(Beginning of MATERIAL PROVIDED)

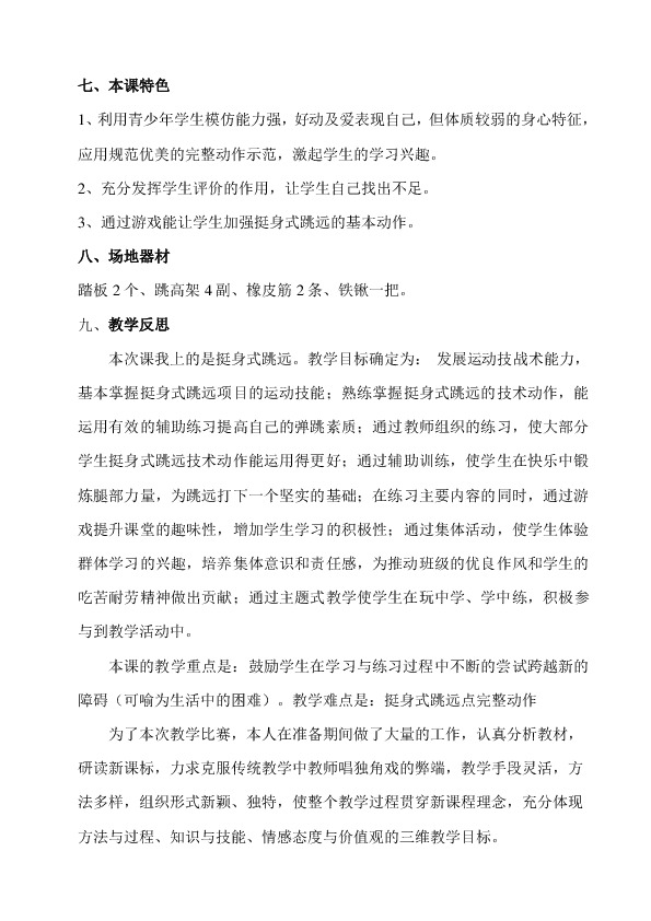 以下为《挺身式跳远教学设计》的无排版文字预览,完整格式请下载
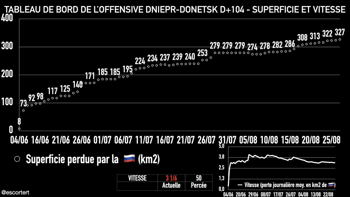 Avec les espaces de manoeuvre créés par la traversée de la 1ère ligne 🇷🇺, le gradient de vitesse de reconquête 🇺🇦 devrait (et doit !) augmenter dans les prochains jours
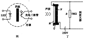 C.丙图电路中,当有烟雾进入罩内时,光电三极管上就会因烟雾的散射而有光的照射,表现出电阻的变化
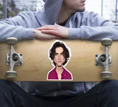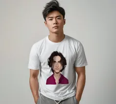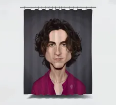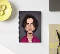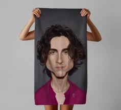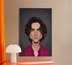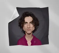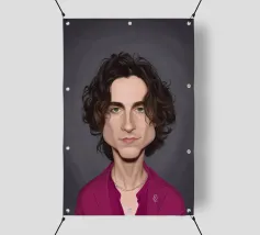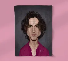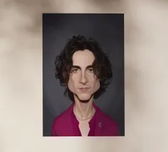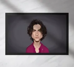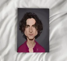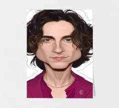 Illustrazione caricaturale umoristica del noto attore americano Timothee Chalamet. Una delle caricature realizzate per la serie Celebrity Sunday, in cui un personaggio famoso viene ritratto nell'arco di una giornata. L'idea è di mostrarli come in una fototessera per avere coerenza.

(End of MATERIAL PROVIDED)
(Beginning of MATERIAL PROVIDED)

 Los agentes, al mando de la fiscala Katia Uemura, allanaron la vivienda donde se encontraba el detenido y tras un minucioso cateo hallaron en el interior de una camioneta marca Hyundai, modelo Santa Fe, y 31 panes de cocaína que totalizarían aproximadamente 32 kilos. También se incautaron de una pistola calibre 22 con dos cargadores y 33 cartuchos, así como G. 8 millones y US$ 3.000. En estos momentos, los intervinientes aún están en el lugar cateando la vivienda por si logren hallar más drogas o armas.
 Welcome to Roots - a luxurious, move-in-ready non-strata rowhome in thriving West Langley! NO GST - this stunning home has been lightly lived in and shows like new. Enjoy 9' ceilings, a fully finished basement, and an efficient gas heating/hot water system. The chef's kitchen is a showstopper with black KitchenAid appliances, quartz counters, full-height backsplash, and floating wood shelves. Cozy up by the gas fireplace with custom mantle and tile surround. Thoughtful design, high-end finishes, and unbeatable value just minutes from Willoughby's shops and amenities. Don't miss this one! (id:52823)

(End of MATERIAL PROVIDED)
(Beginning of MATERIAL PROVIDED)

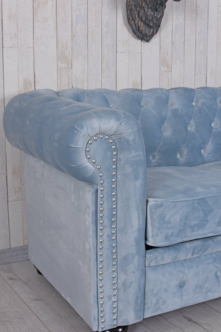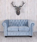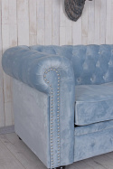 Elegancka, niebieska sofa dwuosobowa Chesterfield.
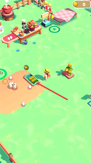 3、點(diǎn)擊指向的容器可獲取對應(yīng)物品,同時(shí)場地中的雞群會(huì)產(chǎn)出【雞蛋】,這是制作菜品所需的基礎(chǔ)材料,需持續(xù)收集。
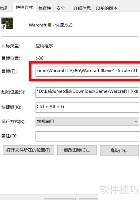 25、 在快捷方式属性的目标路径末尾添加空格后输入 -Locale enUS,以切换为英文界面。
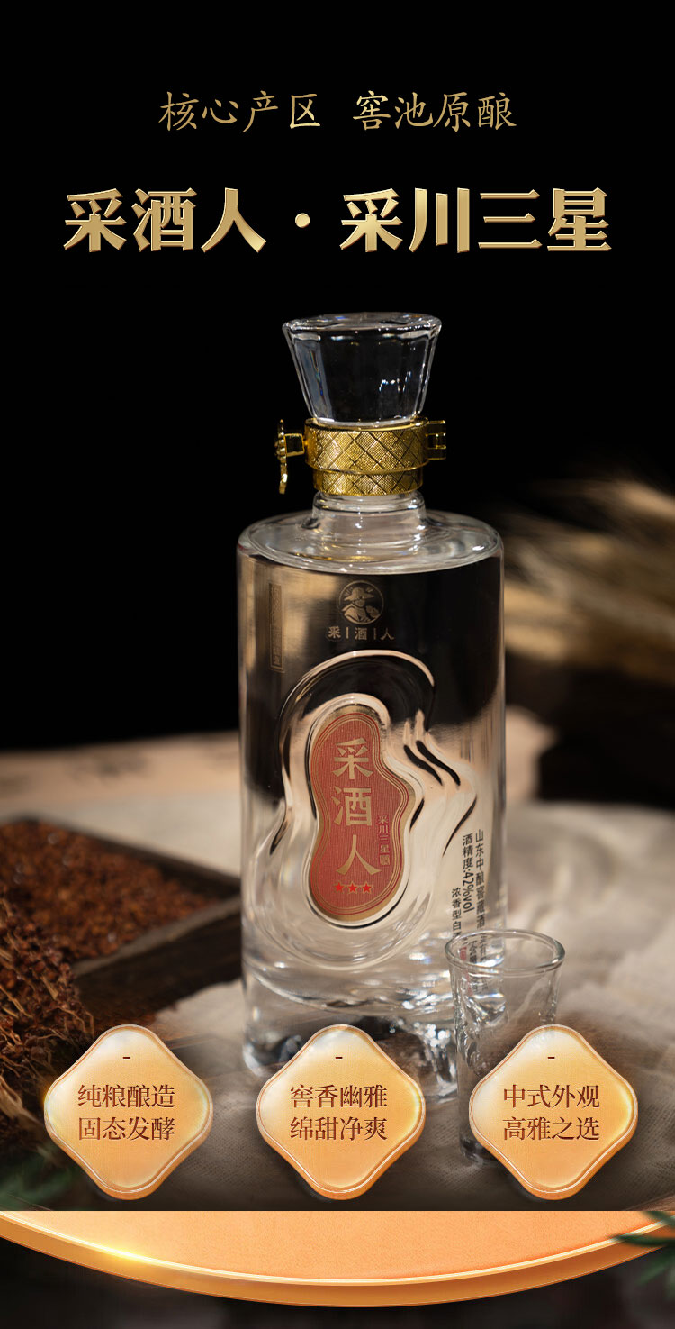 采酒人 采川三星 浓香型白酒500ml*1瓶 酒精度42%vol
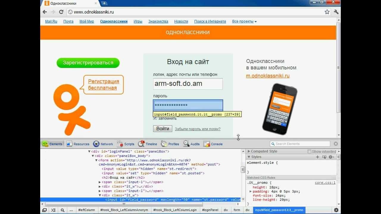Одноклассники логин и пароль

(End of MATERIAL PROVIDED)

WHAT IS EXPECTED:
Once the line with "3、點(diǎn)擊指向的容" is found in the data above, reproduce it and each line after it exactly, through the line with "Одноклассники логин и пароль". Omit the pictures.

SOLUTION TO THIS EXERCISE:
 3、點(diǎn)擊指向的容器可獲取對應(yīng)物品,同時(shí)場地中的雞群會(huì)產(chǎn)出【雞蛋】,這是制作菜品所需的基礎(chǔ)材料,需持續(xù)收集。
 25、 在快捷方式属性的目标路径末尾添加空格后输入 -Locale enUS,以切换为英文界面。
 采酒人 采川三星 浓香型白酒500ml*1瓶 酒精度42%vol
Одноклассники логин и пароль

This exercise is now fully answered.